**Task to carry out**
Word for word, restate the lines of the listing below from the line with "Creta Poster Travel, iglesia" through the line with "The Roomba integrationsIntegrations", and do not include the pictures.

**Raw data**
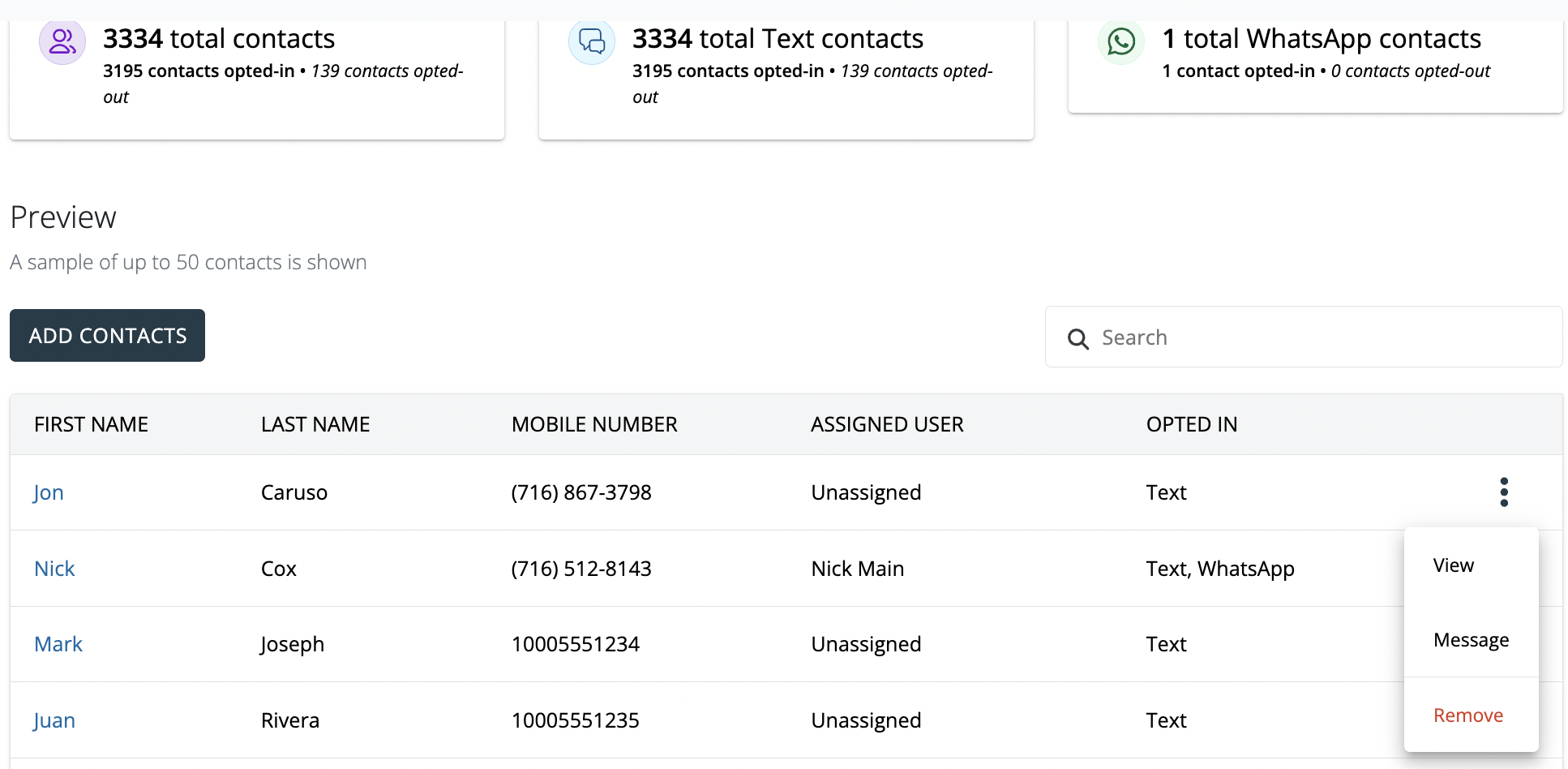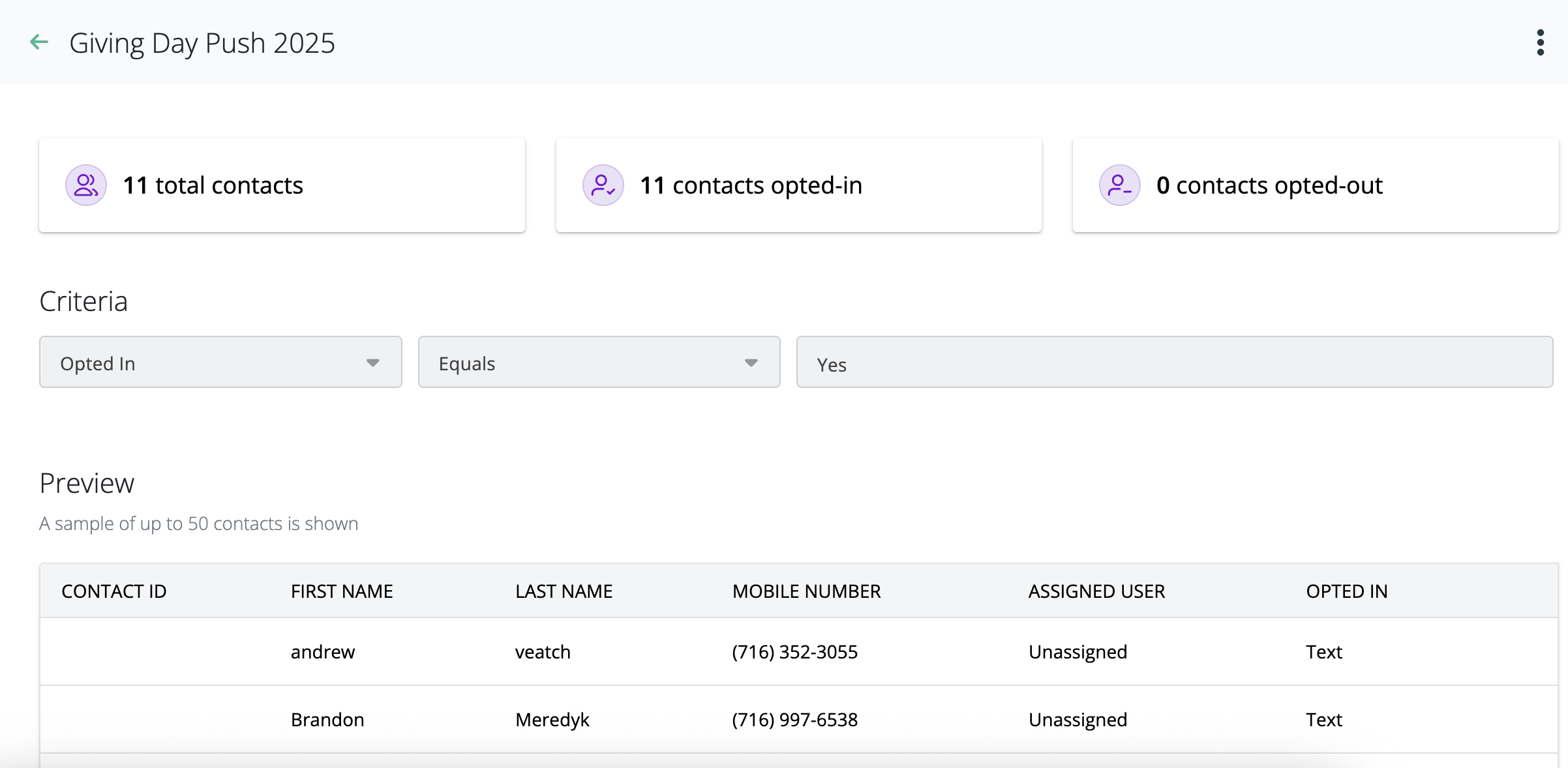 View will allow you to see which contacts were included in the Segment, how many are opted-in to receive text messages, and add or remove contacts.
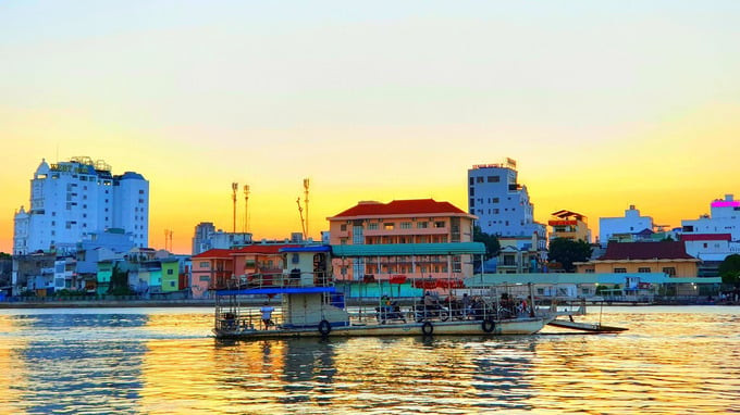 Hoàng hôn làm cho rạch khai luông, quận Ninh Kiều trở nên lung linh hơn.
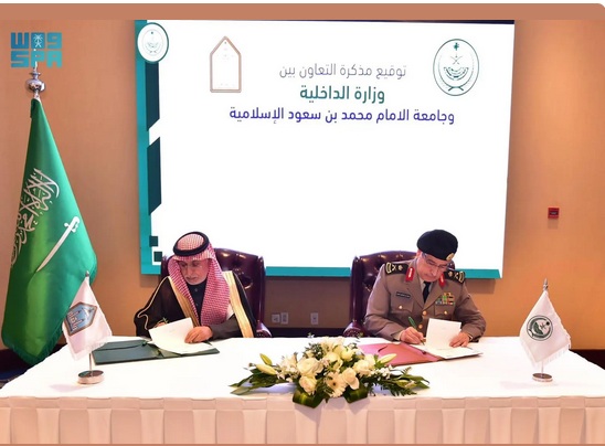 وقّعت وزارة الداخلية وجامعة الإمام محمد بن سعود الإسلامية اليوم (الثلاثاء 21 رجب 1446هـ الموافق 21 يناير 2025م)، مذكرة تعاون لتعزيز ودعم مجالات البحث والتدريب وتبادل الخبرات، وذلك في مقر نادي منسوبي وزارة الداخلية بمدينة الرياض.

* * *

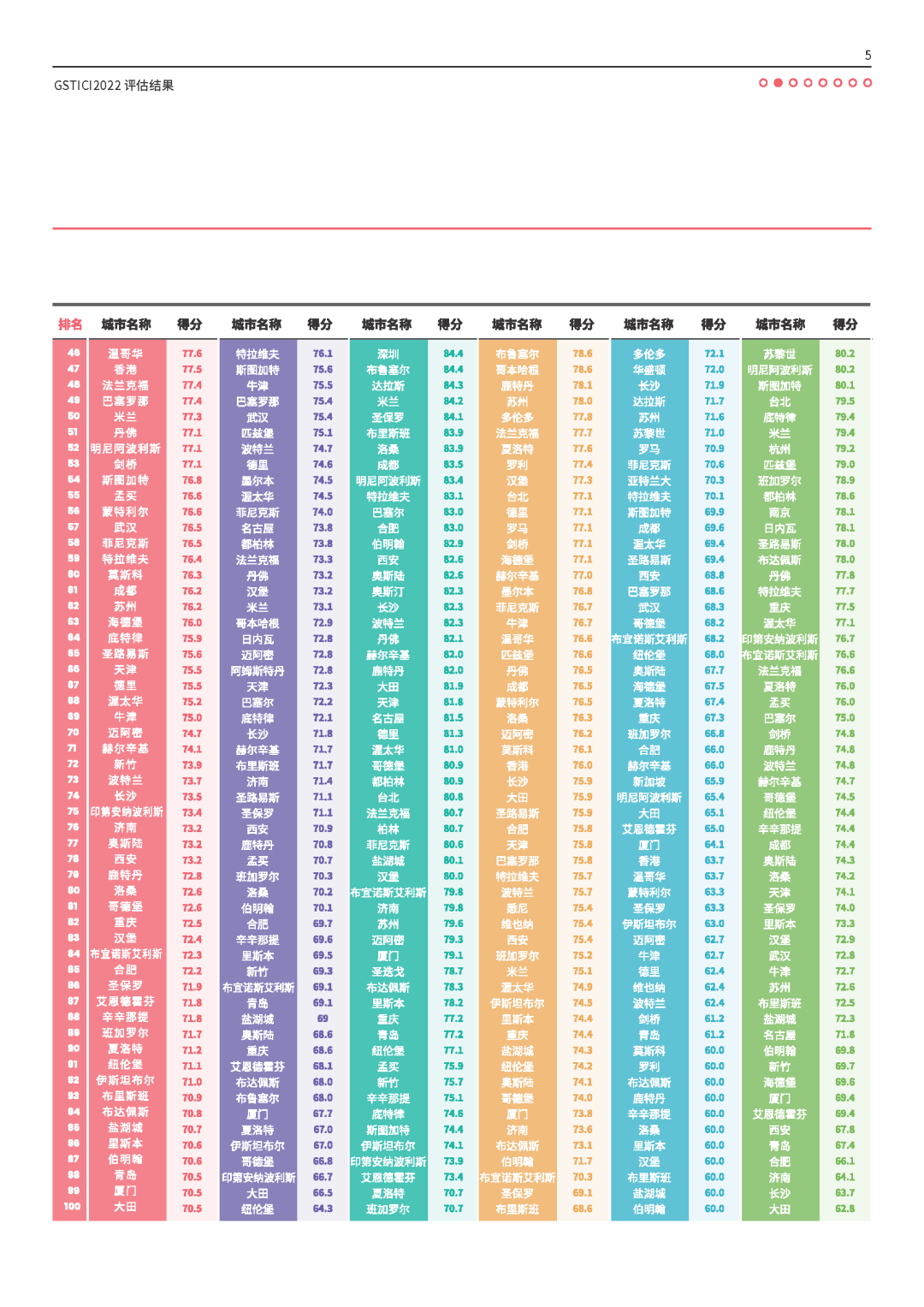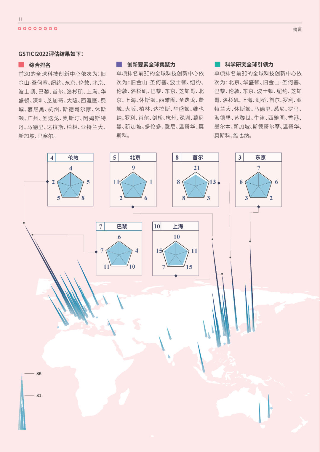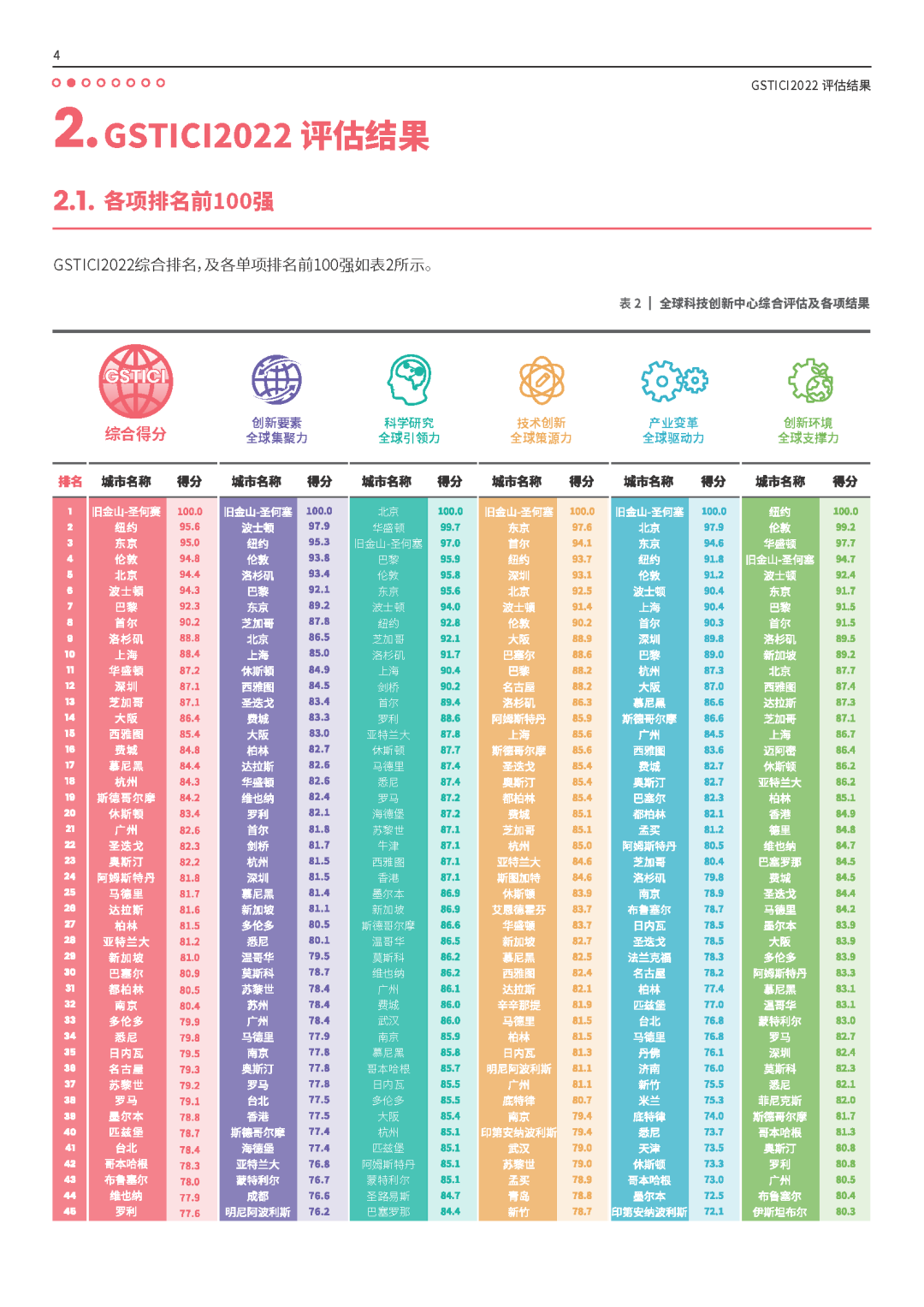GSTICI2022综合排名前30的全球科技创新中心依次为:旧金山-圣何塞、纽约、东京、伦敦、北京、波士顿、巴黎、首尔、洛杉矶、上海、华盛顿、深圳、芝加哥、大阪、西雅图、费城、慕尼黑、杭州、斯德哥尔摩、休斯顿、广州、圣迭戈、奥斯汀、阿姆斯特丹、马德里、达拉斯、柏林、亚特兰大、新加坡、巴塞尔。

...

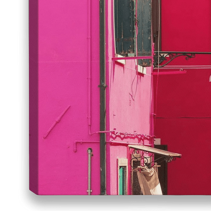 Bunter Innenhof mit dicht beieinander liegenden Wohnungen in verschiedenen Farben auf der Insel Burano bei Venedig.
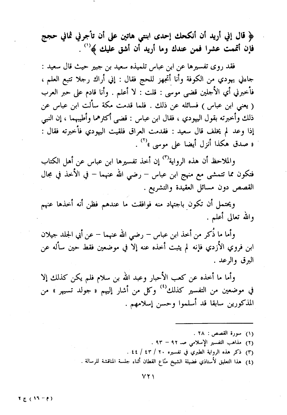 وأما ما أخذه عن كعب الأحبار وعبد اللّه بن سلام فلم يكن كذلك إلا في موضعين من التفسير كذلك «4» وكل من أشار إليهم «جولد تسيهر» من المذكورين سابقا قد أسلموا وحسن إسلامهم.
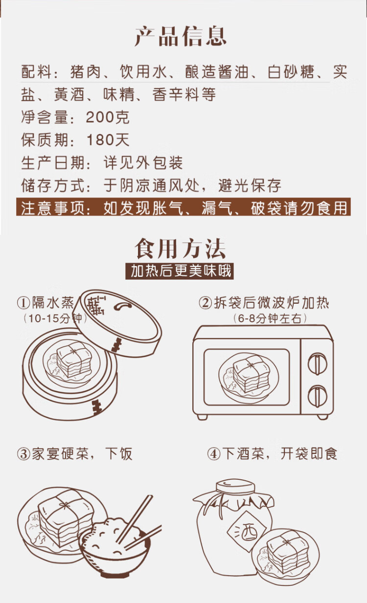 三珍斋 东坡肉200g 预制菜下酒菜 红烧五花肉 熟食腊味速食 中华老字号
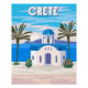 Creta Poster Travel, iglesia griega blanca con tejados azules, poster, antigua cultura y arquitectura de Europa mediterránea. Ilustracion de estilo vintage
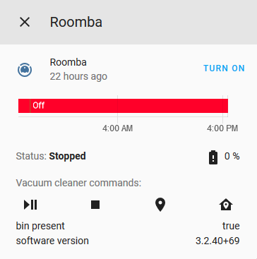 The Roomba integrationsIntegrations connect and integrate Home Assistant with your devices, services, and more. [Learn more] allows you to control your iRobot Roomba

**Output of the task**
 Creta Poster Travel, iglesia griega blanca con tejados azules, poster, antigua cultura y arquitectura de Europa mediterránea. Ilustracion de estilo vintage
 The Roomba integrationsIntegrations connect and integrate Home Assistant with your devices, services, and more. [Learn more] allows you to control your iRobot Roomba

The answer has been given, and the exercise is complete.